== Provided records

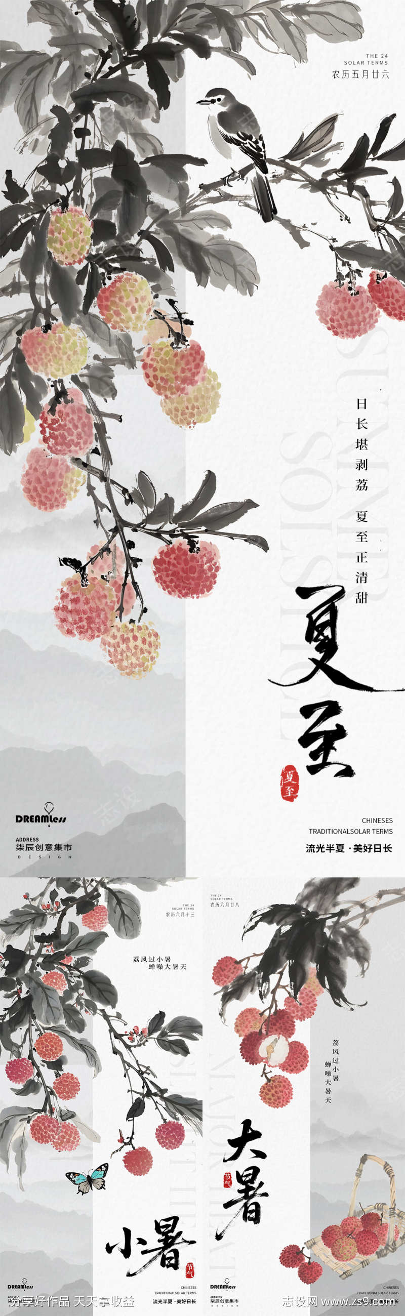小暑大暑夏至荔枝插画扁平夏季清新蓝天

====
== Provided records

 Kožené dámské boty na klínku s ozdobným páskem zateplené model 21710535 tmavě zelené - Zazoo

====
== Provided records

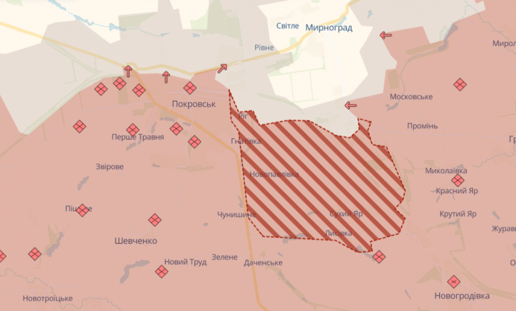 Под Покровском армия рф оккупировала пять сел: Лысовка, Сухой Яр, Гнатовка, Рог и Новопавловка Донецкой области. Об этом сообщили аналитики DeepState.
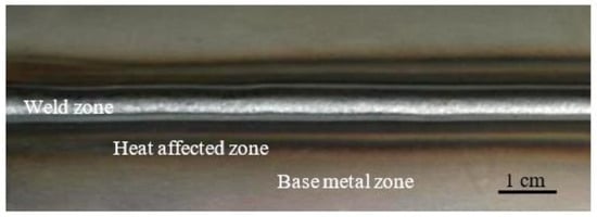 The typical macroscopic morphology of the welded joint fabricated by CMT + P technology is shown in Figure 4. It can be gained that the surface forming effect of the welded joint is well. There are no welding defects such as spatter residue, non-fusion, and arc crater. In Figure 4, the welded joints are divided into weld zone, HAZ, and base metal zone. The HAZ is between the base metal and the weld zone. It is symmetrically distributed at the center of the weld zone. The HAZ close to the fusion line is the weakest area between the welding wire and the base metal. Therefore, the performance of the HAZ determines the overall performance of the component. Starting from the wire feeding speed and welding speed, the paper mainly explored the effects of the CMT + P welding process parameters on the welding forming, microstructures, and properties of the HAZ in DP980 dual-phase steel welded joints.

====

What is needed is an exact copy of the lines above, from the one holding "Под Покровском армия" down to the one holding "The typical macroscopic", with those two included and the pictures left out.

 Под Покровском армия рф оккупировала пять сел: Лысовка, Сухой Яр, Гнатовка, Рог и Новопавловка Донецкой области. Об этом сообщили аналитики DeepState.
 The typical macroscopic morphology of the welded joint fabricated by CMT + P technology is shown in Figure 4. It can be gained that the surface forming effect of the welded joint is well. There are no welding defects such as spatter residue, non-fusion, and arc crater. In Figure 4, the welded joints are divided into weld zone, HAZ, and base metal zone. The HAZ is between the base metal and the weld zone. It is symmetrically distributed at the center of the weld zone. The HAZ close to the fusion line is the weakest area between the welding wire and the base metal. Therefore, the performance of the HAZ determines the overall performance of the component. Starting from the wire feeding speed and welding speed, the paper mainly explored the effects of the CMT + P welding process parameters on the welding forming, microstructures, and properties of the HAZ in DP980 dual-phase steel welded joints.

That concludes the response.